Era um homem muito feio, muito pequenininho, muito magrinho... Tinha um nariz pequenino e esquisito, parecia que não tinha nariz nem nada. Mas a minha tia Ana, que era a mais velha, dizia: «Olha a fidalga. O homem tem dinheiro!». «Mas não tem cara, é feio!», respondia eu.
«Como toda a gente do bairro gostava de me ouvir cantar, e precisavam de uma rapariga para a marcha, foram falar com a minha família.».

A sua sina eternizou-se na Praça da Ribeira...
Sim, havia um senhor que conhecia o meu pai e que tinha um stand no Cais da
Rocha, onde vendia vinho e bordados da Madeira. Eu e a minha irmã Celeste trabalhávamos lá à comissão. Um dia alguém aconselhou a minha mãe a montar uma banca de fruta no mercado da Ribeira. Mas quem vendia a fruta, ao contrário do que se disse, era a minha mãe.
Quando aquilo não se esgotava, eu e a minha irmã Celeste íamos com um cesto pequeno oferecer às pessoas, aos barcos. Havia estrangeiros à janela... Um dia um polícia até disse à minha mãe: «Esta rapariga é mal empregada».

Cantava na praça?
A primeira pessoa que fiz chorar quando cantava foi o meu vizinho, que era chauffeur.
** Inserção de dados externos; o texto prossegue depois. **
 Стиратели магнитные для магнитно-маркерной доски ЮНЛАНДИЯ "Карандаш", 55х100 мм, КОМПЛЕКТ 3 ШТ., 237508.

Nessa altura tinham morto na Quinta da Terrugem um chauffeur, e os ceguinhos cantavam a sua morte. Eu sempre que via o meu vizinho cantava aquilo: «Do fim do pobre chauffeur/que deixou, vertendo em pranto/No seu lar, humilde e santo/Seus filhos e a mulher». Eu cantei-lhe aquilo - e cantava de tal maneira que o homem começava a chorar, chorar, chorar. Daí comecei a cantar outras coisas - e mandavam-me cantar. Mas quando me mandavam cantar eu não queria cantar - e quando eu cantava a minha avó não queria que eu cantasse. Era assim continuamente...

Gostava de cinema?
Sim. Com o dinheiro do trabalho, eu e a Celeste íamos ao cinema. Via os filmes em Alcântara. O que mais me impressionou foi "A Dama Das Camélias", com a Greta Garbo Depois via os filmes do José Mojíca, de Carlos Gardel, que comecei logo a cantar. Achava muito bonito o que Gardel cantava, aquilo era muito parecido com a nossa língua (com o fado)... Naquela altura tinha uns 12 anos. Então, comecei a cantar aquilo e cantava as coisas espanholas. Eu nasci fadista, sou mesmo fadista.
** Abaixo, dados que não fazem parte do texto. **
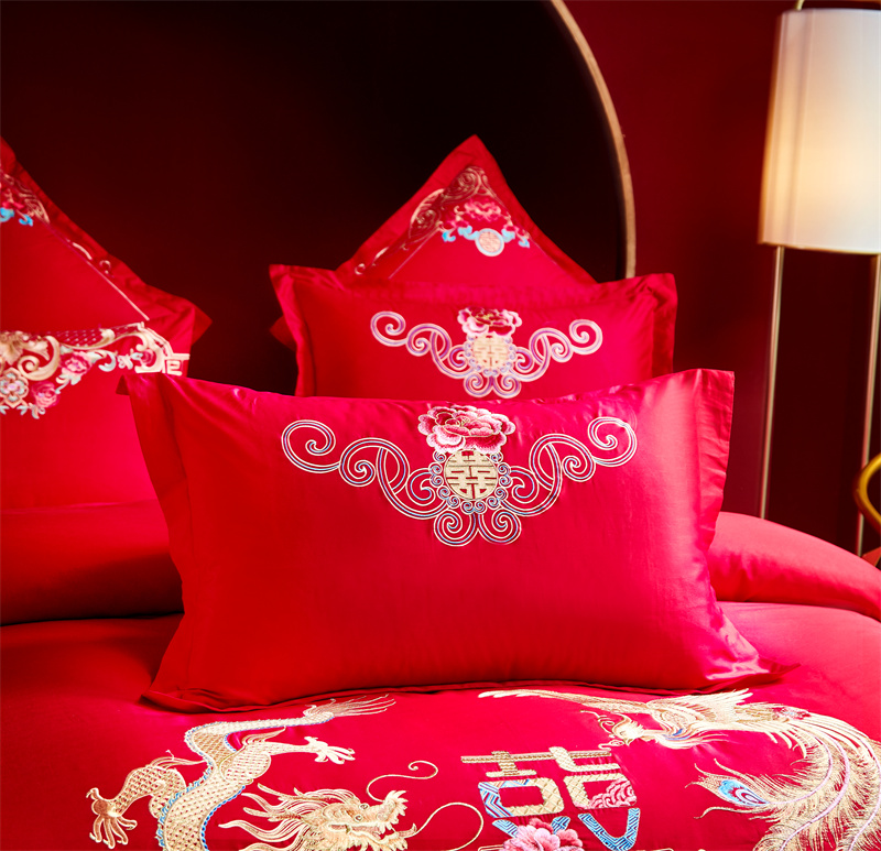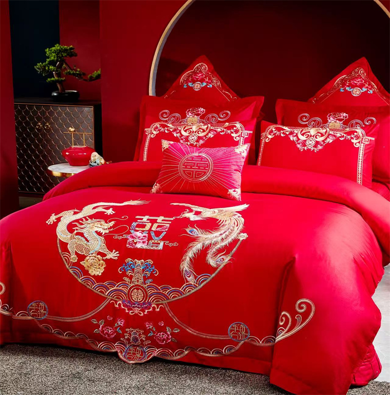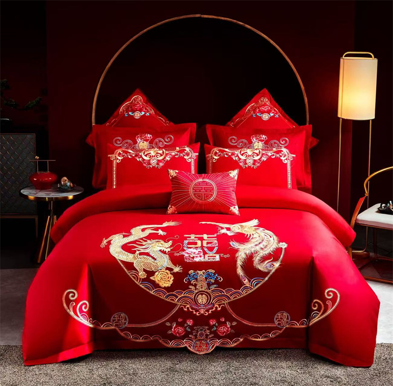当前位置: 91家纺网 > 商品网购 > 床品套件 > 四件套 > 婚庆四件套 > 布乐意 2025新款全棉长绒棉贡缎提花全工艺喷气重工新中式绣花大红婚庆四件套多件套直播龙姿凤彩

É nessa fase que começa com ideia de suicídio. Era a sério ou só para chamar a atenção?
Eram criancices. Uma vez comi fósforos para castigar a minha avó, que me tinha dito uma coisa de que não gostei. Quando vi A Dama das Camélias chorei, bebia vinagre para ser como ela... Ia para a janela para apanhar corrente de ar para ficar tuberculosa e morrer como ela. Eu não percebi nada daquilo, só percebi que o pai dela era muito mau e que ela se matou por isso. Queria também morrer assim. .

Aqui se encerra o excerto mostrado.